Le président Święczkowski, s'exprimant sur Telewizja Republika, a décrit les événements de la journée comme une tentative d'"attaquer un organe constitutionnel de l'État, à savoir le Tribunal constitutionnel." Le juge Szostek a cependant souligné que les juges ne cherchaient qu'une composition légale : "Nous avons demandé au président du Tribunal de reporter l'assemblée à une date où le Tribunal est correctement constitué et où tous les autres juges sont autorisés à participer."
C'est une attaque contre un organe constitutionnel de l'État, à savoir le Tribunal constitutionnel.
Une crise de légitimité plus large
Cette confrontation est le dernier épisode d'un conflit prolongé sur la composition du Tribunal. En mars 2026, la Diète a élu six nouveaux juges pour porter l'institution à son effectif statutaire de quinze. Le 1er avril, le président Nawrocki a administré le serment à Bentkowska et Szostek, qui ont ensuite pris leurs fonctions. Les quatre autres, Markiewicz, Dziurda, Korwin-Piotrowska et Taborowski, ont prêté serment "devant le président" à la Diète le 9 avril, une formule non reconnue par Święczkowski. Le président a refusé de les assermenter, invoquant leur implication antérieure dans l'activisme pour l'État de droit à l'époque du PiS. Un septième juge, Sławomir Patyra, élu le 11 juin, attend depuis plus d'un mois que le président programme son serment ; son mandat a officiellement commencé le 29 juin.
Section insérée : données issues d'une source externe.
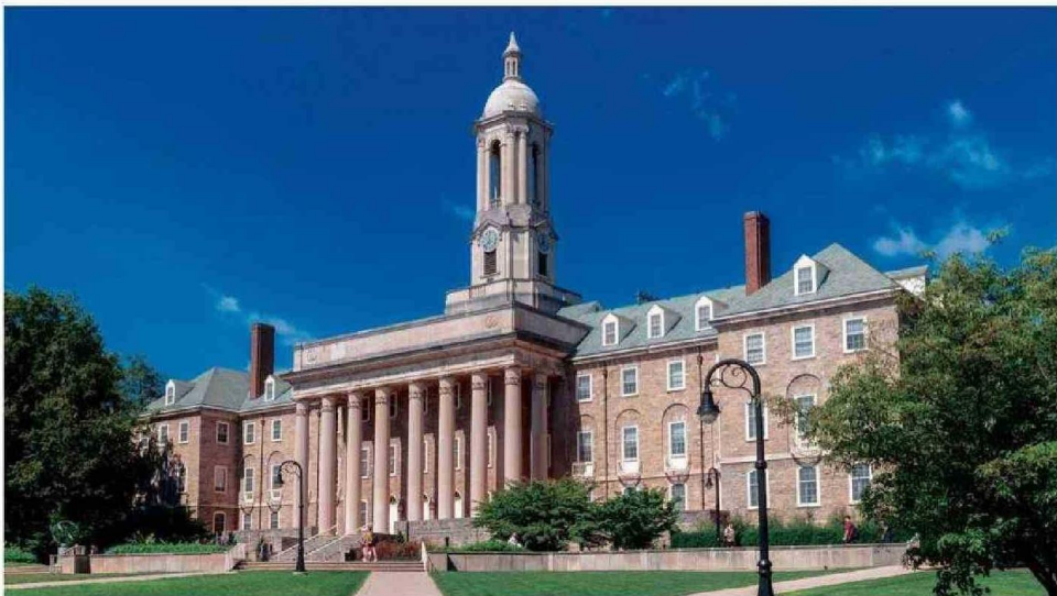
Universidad de Pennsylvania.

30 jóvenes chilenos han participado de esta gran experiencia con el programa que ofrece Banco Santander.
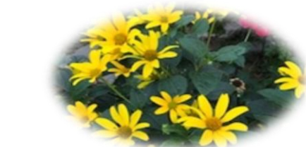
都市工房花壇秋の花
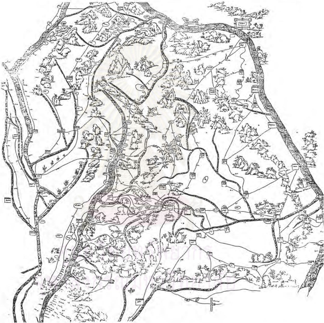
ภาพที่ 2 แผนที่ภาคตะวันออกเฉียงเหนือในสมัยรัชกาลพระบาทสมเด็จพระนั่งเกล้าเจ้าอยู่หัว

ที่มา Victor Kennedy, "An Indigenous Early Nineteenth Century Map of Central and Northeast Thailand," In Memorian Phya Anuman Rajadhon . Tej Bunnag and Michael Smithies ed. (Bangkok : Journal of The Siam Society, 1970), p 315-348.
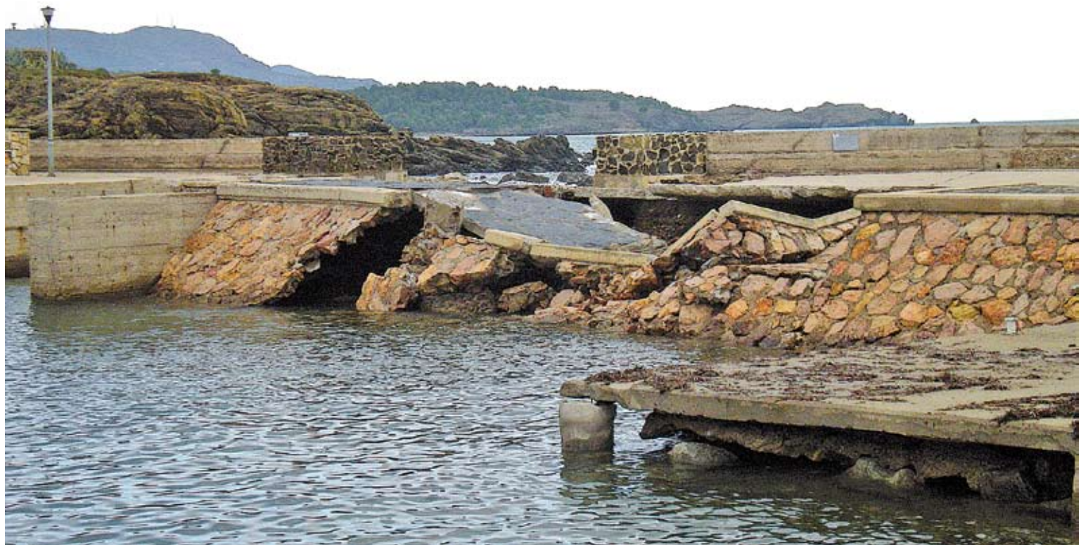
LLANÇÀ. Els embats del mar van tornar a picar fort a Sant Carles, on van provocar l'ensorrament d'un mur que hi havia en un embarcador

ROSES COMPTA 40.000 EUROS, LLANÇÀ, 60.000, I EL PORT DE LA SELVA, 20.000
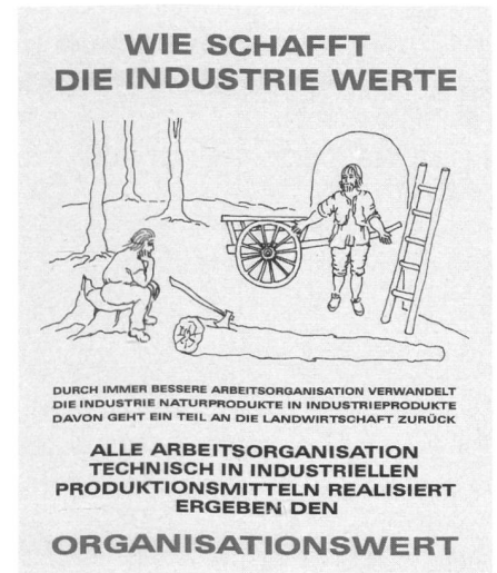
Tafel 2: Wie schafft die Industrie Werte?

Die zweite Art der Leistung ist wie oben schon erwähnt vor allem eine durch den Organisationsgrad, das heisst, durch den Grad der Arbeitsteilung der Gesellschaft erbrachte Leistung. Sie wird in der arbeitsteiligen Industrie – zusätzlich zur ersten Leistung der Hervorbringung von Naturstoffen – durch Organisation dieser Materie in der arbeitsteiligen Gesellschaft erzeugt. Diese arbeitsteilige Entwicklung der Wirtschaft ist aber nur möglich , wenn im Gegenzug die materiellen Basisgüter der Versorgung (Tafel 1) von immer weniger Menschen hervorgebracht werden, da ja diejenigen, die nun in Industrie und Dienstleistung arbeiten, von ihrer ehemaligen Selbstversorgung freigestellt werden müssen. Diese Leistung übernehmen für sie die in der Landwirtschaft zurückbleibenden Landwirte, welche mit Mitteln aus Gewerbe und Industrie ihre Leistungsfähigkeit erhöhen. Ohne die Definition eines wirtschaftlichen Gesamtverbandes , innerhalb dem sich diese Spezialisierungen gegenseitig herausbilden, ist eine gerechte, gegenseitige Preisbemessung nicht möglich. Die heutigen Theorien der Wohlstandsmehrung durch sogenannte «Markttöfnungen» blenden diesen Zusammenhang aus. (Tafel 2)

Aujourd'hui, il n'y a pas de Tribunal constitutionnel. Même s'il y avait eu huit ou douze juges, si une seule des personnes dûment élues avait manqué parce qu'elle n'avait pas été admise, ce n'aurait pas été une Assemblée générale.
Le jour de l'assemblée avortée, trois anciens présidents du Tribunal constitutionnel, Marek Safjan, Jerzy Stępień et Andrzej Zoll, ont publié une déclaration commune avertissant que la crise prolongée sape l'autorité de la Pologne et peut être présentée comme une preuve de l'inefficacité des institutions de l'État de droit. Zoll a séparément déclaré à Fakt qu'aucune des décisions du Tribunal n'est valide si sa composition est contestée. La coalition au pouvoir, pour sa part, ne publie pas les décisions rendues par le Tribunal dirigé par Święczkowski.
Quelle est la suite ?
Avec le budget 2027 non approuvé et l'Assemblée générale incapable d'atteindre le quorum, le Tribunal fait face à une incertitude opérationnelle. Tous les regards sont désormais tournés vers le président Nawrocki, dont le refus d'assermenter quatre des juges élus a paralysé l'institution. Le juge Patyra a écrit au président pour demander une date pour son serment mais n'a reçu aucune réponse.
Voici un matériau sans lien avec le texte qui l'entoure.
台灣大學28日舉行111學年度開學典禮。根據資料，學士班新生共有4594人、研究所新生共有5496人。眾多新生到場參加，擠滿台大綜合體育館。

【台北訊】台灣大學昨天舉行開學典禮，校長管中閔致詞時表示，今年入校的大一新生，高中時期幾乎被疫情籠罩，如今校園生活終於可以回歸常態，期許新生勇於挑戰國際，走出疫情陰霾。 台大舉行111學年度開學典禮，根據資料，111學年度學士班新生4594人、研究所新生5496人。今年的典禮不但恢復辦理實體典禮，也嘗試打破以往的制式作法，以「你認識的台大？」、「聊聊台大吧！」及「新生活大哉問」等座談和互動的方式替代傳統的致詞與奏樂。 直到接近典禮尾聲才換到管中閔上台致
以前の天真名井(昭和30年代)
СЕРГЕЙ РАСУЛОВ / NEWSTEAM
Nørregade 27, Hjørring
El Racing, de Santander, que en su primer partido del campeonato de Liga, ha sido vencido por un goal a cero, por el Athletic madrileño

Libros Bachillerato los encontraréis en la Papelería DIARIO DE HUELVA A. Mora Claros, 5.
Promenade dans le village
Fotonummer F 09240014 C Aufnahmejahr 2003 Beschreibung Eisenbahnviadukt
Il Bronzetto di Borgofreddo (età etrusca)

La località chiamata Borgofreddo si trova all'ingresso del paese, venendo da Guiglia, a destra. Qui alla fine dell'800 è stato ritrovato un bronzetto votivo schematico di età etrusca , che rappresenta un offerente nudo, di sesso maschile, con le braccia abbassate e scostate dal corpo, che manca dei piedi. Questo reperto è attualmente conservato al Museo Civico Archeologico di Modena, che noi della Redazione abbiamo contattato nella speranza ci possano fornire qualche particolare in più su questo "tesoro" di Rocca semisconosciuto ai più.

- La Diète élit six nouveaux juges au Tribunal constitutionnel.
- Les juges Bentkowska et Szostek prêtent serment devant le président Nawrocki et prennent leurs fonctions.
- Les quatre autres juges élus prêtent serment à la Diète ; la formule n'est pas reconnue par le président du Tribunal Święczkowski.
- La première Assemblée générale échoue faute de quorum.
- La Diète élit Sławomir Patyra comme nouveau juge ; son mandat commence le 29 juin, mais il attend le serment présidentiel.
- La deuxième tentative d'Assemblée générale s'effondre alors que deux juges sont exclus, la police est appelée et le quorum est brisé par un départ de solidarité.
J'ai écrit une lettre au président pour demander une date à laquelle je pourrais me présenter. Je n'ai encore reçu aucune réponse.